= 2007 Nagorno-Karabakh presidential election =

Presidential elections were held in the Nagorno-Karabakh Republic on 19 July 2007. Incumbent president Arkady Ghukasyan was constitutionally barred from seeking a third term and endorsed Bako Sahakyan, who was the head of the National Security Service. Sahakyan was supported by the ruling Democratic Party of Artsakh, two opposition parties and the Armenian government.

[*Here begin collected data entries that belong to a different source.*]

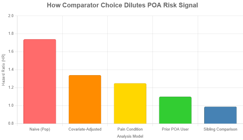 - → 이 비교군들은 이미 고위험 특성(통증, 정신질환, 흡연 등)을 공유하고 있어. 그래서 약물의 “절대적 위험”을 평가하기보다는, “상대적 차이”만 보게 됨.
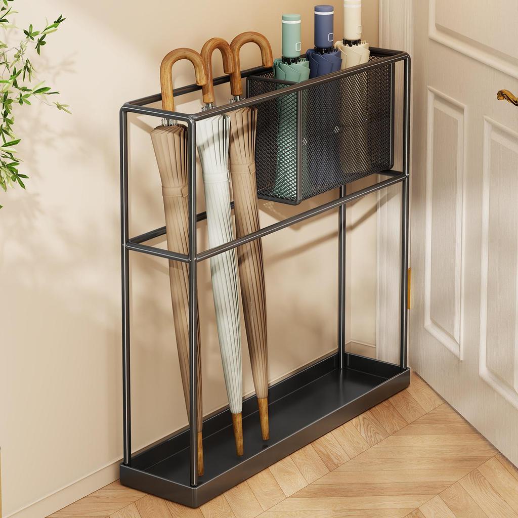 Stojak na parasole z kutego żelaza: Smukły stojak do przechowywania w drzwiach z półką ociekową
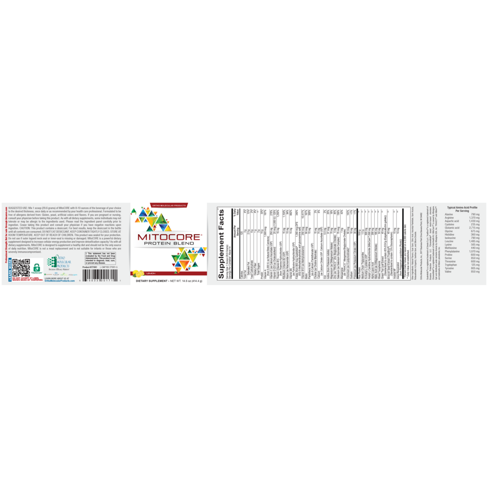 MitoCORE Protein Blend is a scientifically formulated blend of nutrients and protein, specifically designed to support cellular energy production, antioxidant protection, detoxification capacity, and immune function.*
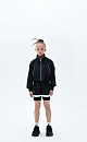 A cropped children's bomber jacket in a sporty style with pockets on the sides and blue piping. Cuffs and hem with elastic band. Lining with mesh elements on the sides. You can complement the look with shorts in the same style.
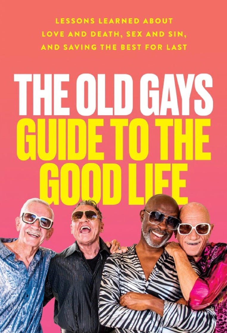 So anyway. Now I will set up the interview that I did do this week. It's with Jessay Martin. Have you heard of The Old Gays? They are these four (sometimes five) senior gay men in Palm Springs who have kind of become social (and even traditional) media darlings since around Covid for their Instagram and TikTok (which I'm not on) posts where they dance and talk and dish and do things. Here they are a year ago talking about their “in and out” list for 2024, this time including Old Gay #5, Joc (Filipino guy in the upper left), who is Jessay’s longtime best friend:
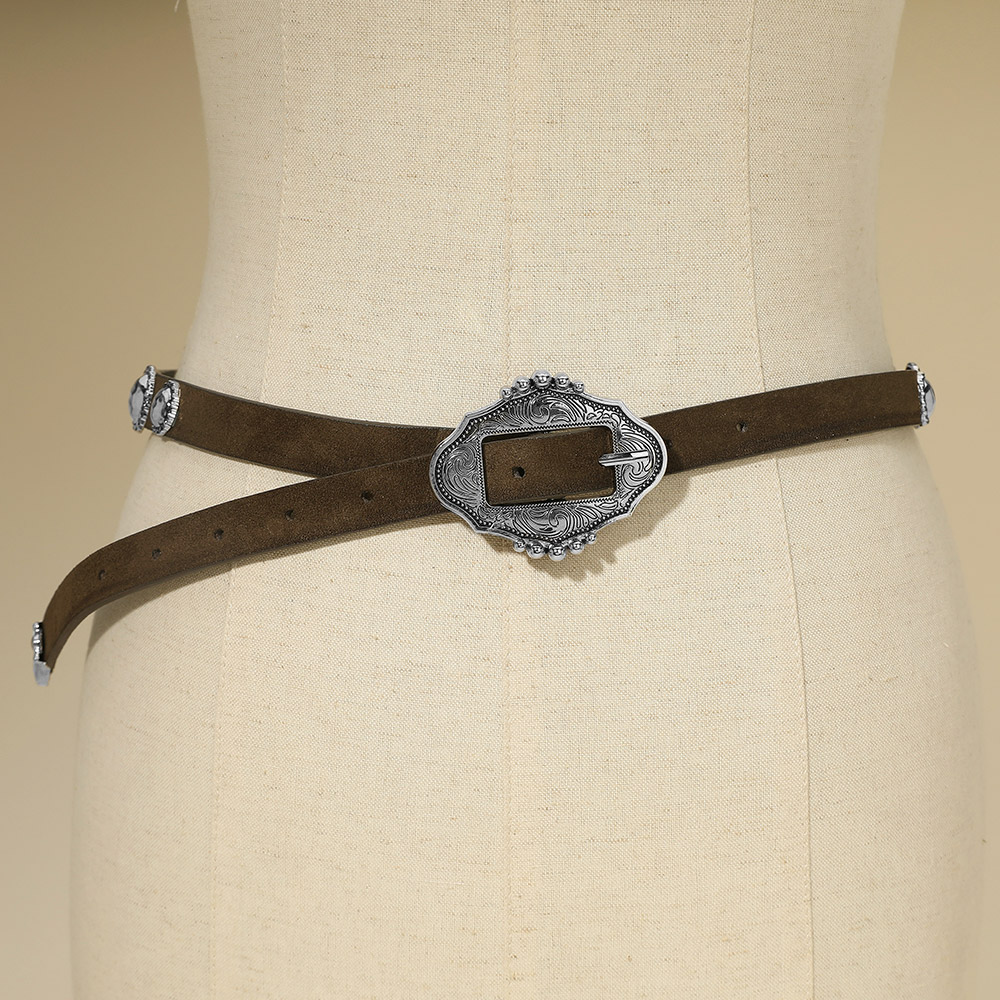 Details • Adjustable 28" - 37" L • Approximately 2.2" H X 42" L • Material : 100% PU • Elevate your outfit with this western style belt featuring an engraved vintage buckle and adjustable fit. Perfect for adding a bold touch to dresses, jeans, or casual looks, this statement accessory blends classic western charm with versatile everyday style. • Lead and Nickel Compliant
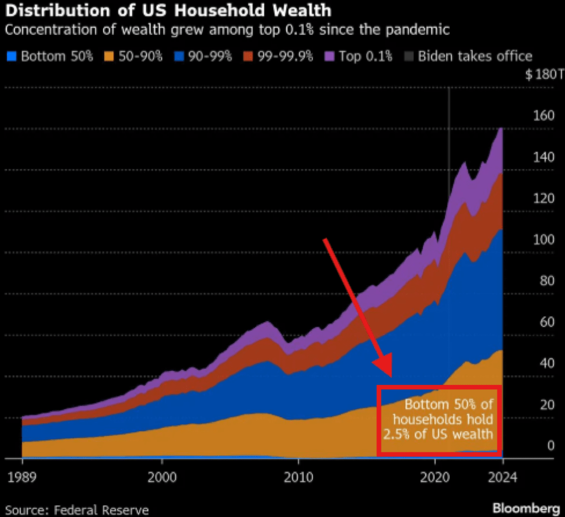 美国底层50%的家庭现在仅占美国总财富的2.5%。
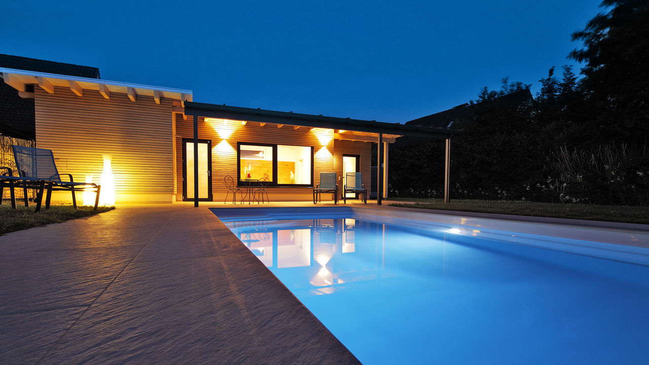 Im hinteren Teil des Gartens befindet sich ein beheizter Pool, der von morgens bis abends in der Sonne liegt. Mit seinen ca. 8 x 4 m lädt er nicht nur Kinder zum Planschen ein, sondern dient auch zur idealen Abkühlung für zwischendurch. Durch seine zuschaltbare Gegenstromanlage eignet er sich auch bestens für sportliches Schwimmen.
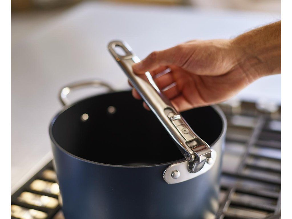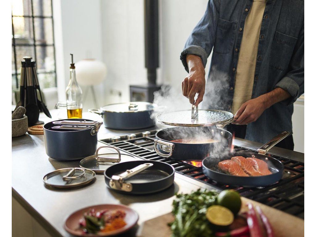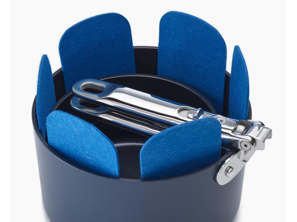 prémiová řada nádobí profesionální kvality a inovativního designu. Nejkompaktnější nádobí pro prostorově úsporné skladování. Barva Midnight Blue.
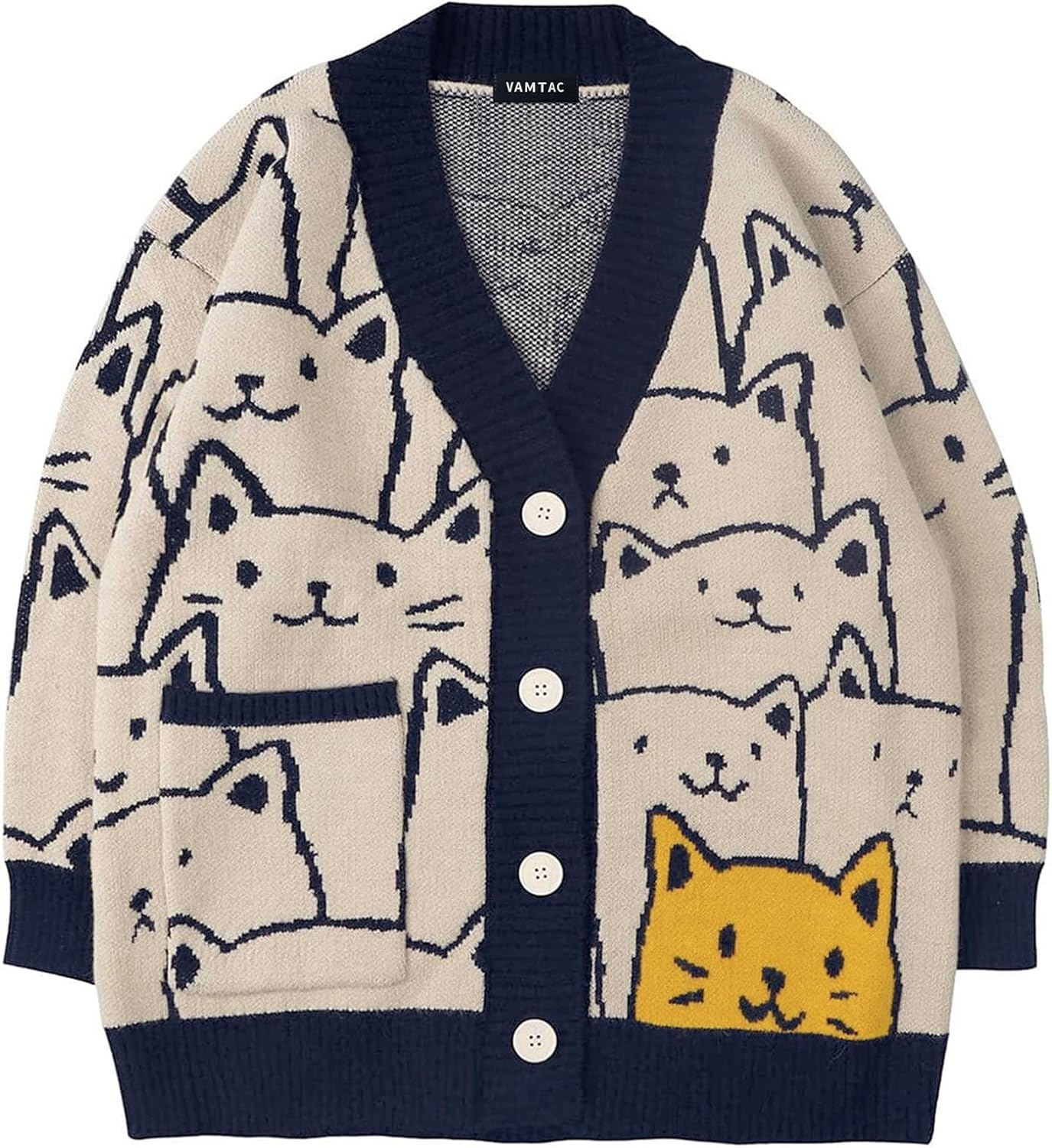Vamtac Cat Cardigan Sweaters for Men Fall V-Neck Cardigans 2026 Oversized Button Long Sleeve Sweater
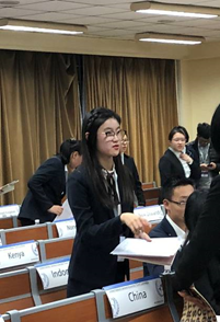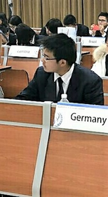 “此次参会对我来说,是一次巨大的挑战。由于参会经验不足,我的学术准备尽管耗费了许多时间,整理了许多材料,没想到,才刚到第二个会期没多久,我们的学术准备就不够用了。开模联最痛苦的经历,莫过于看着其他代表在台上口若悬河,滔滔不绝,而自己却由于学术上的不足只能坐在台下苦笑。第二个会期开完后,我们几乎陷入绝境。但是,经过一晚上的冥思苦想和来自李颖学姐的鼓励与指导,我们明白了坚持自己国家立场的重要性。在最后一个会期决议草案的讨论中,我们冷静分析,审时度势,代表德国做到了游刃有余,纵横捭阖,在几个国家集团之间进行斡旋。最终,我们通过发表联合声明获得了最大的利益,也取得了主席团的认可。这次开会,最重要的还是收获了友谊。同场的大学生代表真的很令人敬佩,对我们的态度也十分友善。希望下次也能遇到这么棒的代表们和主席团!”
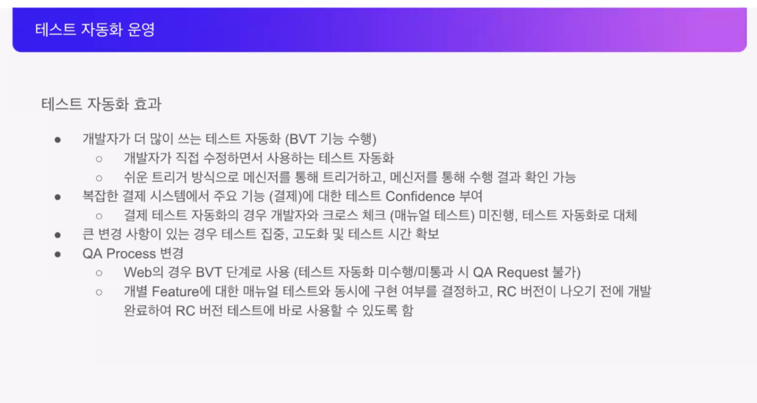 테스트 자동화 환경이 구성된 만큼 개발자가 더 많이 사용해서 업무 효율성을 올릴 수 있었고, 복잡한 결제 시스템 중 결제 관련된 테스트의 신뢰성을 쌓을 수 있는 효과를 가져왔다고 하셨습니다. 큰 변경사항이 있을 때만 테스트를 집중적으로 수행할 수 있어서 효율적인 업무 분담이 가능해졌고, 매뉴얼 테스트를 진행하지 않기 적은 공수로 많은 효과를 불러올 수 있었다고 하셨습니다.
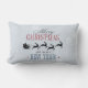 Een feestelijke kerstkussen. Een subtiele grijze achtergrond met sneeuwvlokken. Fancy trendy letters die zeggen: vrolijk kerstfeest en gelukkig nieuwjaar. Met een zwart silhouet van santa die in zijn slee rijdt en door zijn rendier over de hemel vliegt.
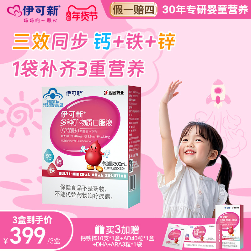 婴童食品 伊可新儿童钙铁锌口服液1岁+铁剂锌补充剂宝宝酸奶口感青少年补钙

Sahakyan's main challenger was considered to be Deputy Foreign Minister Masis Mayilyan. Parliament deputy Armen Abgaryan, Communist Party of Artsakh leader Hrant Melkumyan, and Vanya Avanesyan, a professor at Artsakh State University, were also candidates.

==Results==

| Candidate |  | Party | Votes | % |
|  | Bako Sahakyan | Independent | 59,326 | 85.12 |
|  | Masis Mayilyan | Independent | 8,734 | 12.53 |
|  | Armen Abgaryan | Independent | 867 | 1.24 |
|  | Hrant Melkumyan | Communist Party | 554 | 0.79 |
|  | Vanya Avanesyan | Independent | 212 | 0.30 |
| Total |  |  | 69,693 | 100.00 |
| Valid votes |  |  | 69,693 | 97.77 |
| Invalid/blank votes |  |  | 1,593 | 2.23 |
| Total votes |  |  | 71,286 | 100.00 |
| Registered voters/turnout |  |  | 92,114 | 77.39 |
Source: CEC

==International reactions==
Numerous international organizations such as the UN, the EU, NATO, the Council of Europe, the OSCE did not recognize the legitimacy of the elections. The Portuguese presidency of the Council of the EU stated that despite their position, the elections "should not have any impact on the peaceful settlement of the Nagorno-Karabakh conflict. Furthermore, the EU recalls that refugees and internally-displaced persons should be given the right to a safe, secure and dignified return of their homes in order to fully participate in electoral acts."

Similarly, the chair of the Council of Europe’s Committee of Ministers stated that it "reiterates its full support to the OSCE Minsk Group and its Co-Chairmen in their efforts towards a settlement of the Nagorno Karabakh conflict. It notes with concern that conducting such “elections”, thus pre-empting the outcome of the ongoing negotiations, cannot contribute to the resolution of the conflict. It calls on all parties concerned to intensify their efforts to find a peaceful solution to the conflict, in accordance with the commitment undertaken by Armenia and Azerbaijan upon accession to the Council of Europe."

==Aftermath==
Sahakyan was sworn in on 7 September 2007.